Published online by Cambridge University Press: 05 July 2011
Considerable progress in our understanding of the cognitive profile of Down syndrome (DS) has occurred in the last decade. Complementing this progress has been a series of landmark studies highlighting promise for pharmacological intervention for cognitive deficits in this population (Fernandez et al., 2007; Salehi et al., 2009). Movement forward has also been demonstrated by the development of behavioral cognitive interventions targeting specific aspects of the cognitive profile (e.g. Fidler et al., Chapter 15 of this book). With pharmacological and behavioral clinical trials coming to fruition in the next few years, there is an immediate need for valid and reliable clinical endpoints in DS. These trials will only be meaningful if they include a battery of measurements that are well suited for this population and sensitive enough to detect change.

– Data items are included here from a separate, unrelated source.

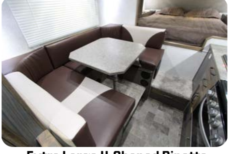
Extra Large U-Shaped Dinette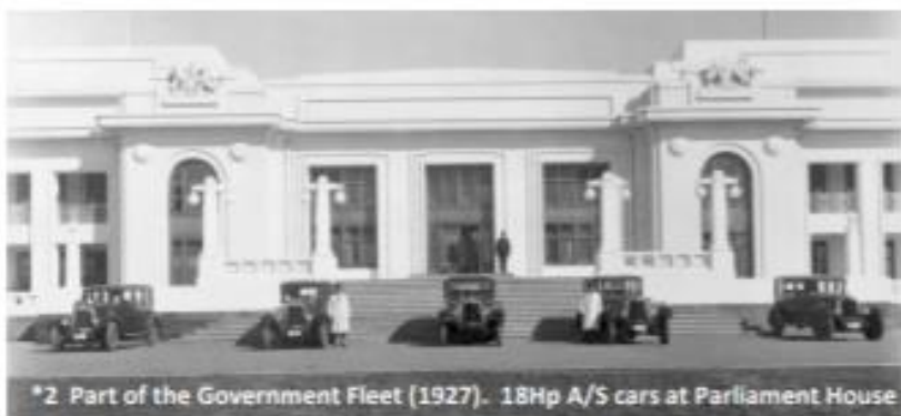
*2 Part of the Government Fleet (1927). 18Hp A/S cars at Parliament House

Members of the Armstrong Siddeley Car Club of Australia, as a part of our celebration of the Centenary of the marque, invite you to visit us at Old Parliament House on Saturday, 30th March, 2019, between 10am and 3pm, where we will present a large selection of these 'Cars of Aircraft Quality'.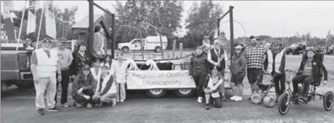
The Region of Queens Municipality put together an amazing float.

Our group has been involved in the development of such a battery, the Arizona Cognitive Test Battery (ACTB) (Figure 3.1), which serves as a foundation for assessing characteristics of the phenotype of DS.
The history of pharmacological and dietary interventions for the cognitive deficits in humans with DS is largely one of disappointment (Salman, 2002). A number of drugs [e.g. drugs used in Alzheimer's disease, such as donepezil (Prasher et al., 2002)] or dietary supplements currently on the market have been tested for use in individuals with DS, with little effect on the whole.